AstraZeneca announced that the US District Court for the District of New Jersey has denied Teva's Motion for Summary Judgment of no infringement in the Pulmicort Respules (budesonide inhalation suspension) patent litigation.
The court also announced that a trial date will be scheduled and is likely to be in January 2009. AstraZeneca will continue to focus on preparing for this trial and is confident in the strength of the intellectual property protecting Pulmicort Respules.
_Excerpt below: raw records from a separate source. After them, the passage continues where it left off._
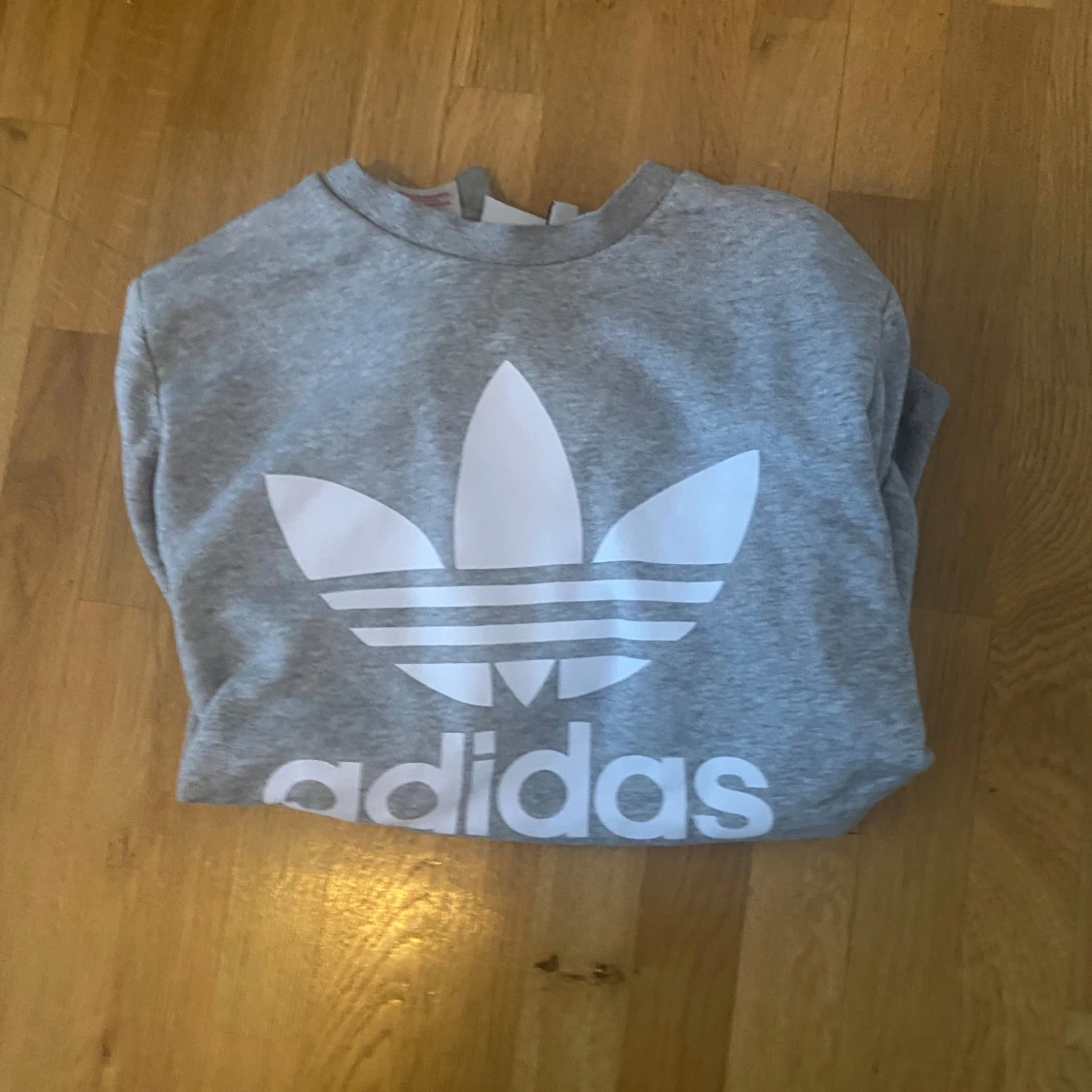 Säljer en grå sweatshirt från Adidas med det klassiska trefoil-logotypen i vitt på framsidan. Tröjan har en rund hals och är perfekt för en avslappnad stil. Passar bra till både jeans och träningsbyxor. 158. 40kr. Priset går att diskuteras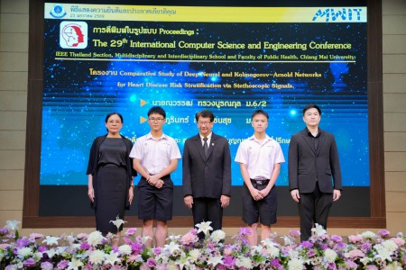 - โครงงานเรื่อง “Comparative Study of Deep Neural and Kolmogorov–Arnold Networks for Heart Disease Risk Stratification via Stethoscopic Signals” ผลงานของ นายณวรรฒ ทรวงบูรณกุล และ นายภูรินทร์ สมบัติธนสุข นักเรียนชั้นมัธยมศึกษาปีที่ 6/2 โดยมี ดร.ศิริพร ศักดิ์บุญญารัตน์ และ ดร.บุญนที ศักดิ์บุญญารัตน์ เป็นอาจารย์ที่ปรึกษาโครงงาน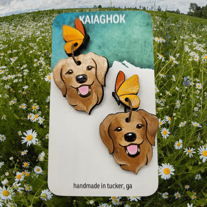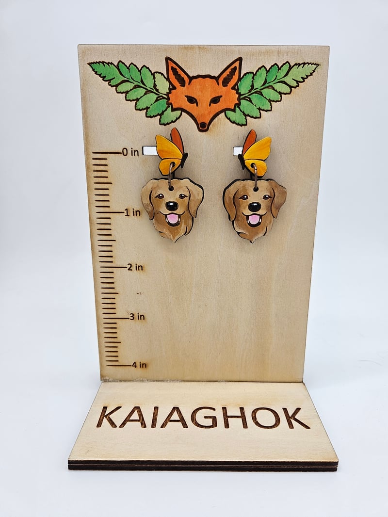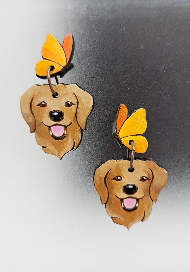 Lovingly hand-painted Golden Retriever and butterfly earrings.

In October of 2005, AstraZeneca announced that it had filed a lawsuit in the US District Court for the District of New Jersey against IVAX Pharmaceuticals, Inc (now known as Teva Pharmaceutical Industries Ltd) for patent infringement. The lawsuit is the result of an abbreviated New Drug Application (ANDA) filed by Teva with the US Food and Drug Administration (FDA) concerning its intent to market a generic version of AstraZeneca's Pulmicort Respules in the US prior to the expiration of AstraZeneca's patents in 2018, with paediatric exclusivity extending to 2019.
The FDA has not approved a generic form of Pulmicort Respules, and has not yet responded to AstraZeneca's Citizen Petition, filed in 2006. The petition outlined AstraZeneca's willingness to work with the FDA to ensure that any follow-on budesonide inhalation suspension product is as safe and effective as Pulmicort Respules.
Pulmicort Respules is a preventive, maintenance asthma medicine indicated for use in children 12 months to 8 years of age in the United States. Full-year US sales for Pulmicort in 2007 totalled $964 million, about 90 percent of which is accounted for by Pulmicort Respules.
AstraZeneca is a major international healthcare business engaged in research, development, manufacturing and marketing of prescription pharmaceuticals and supplier for healthcare services.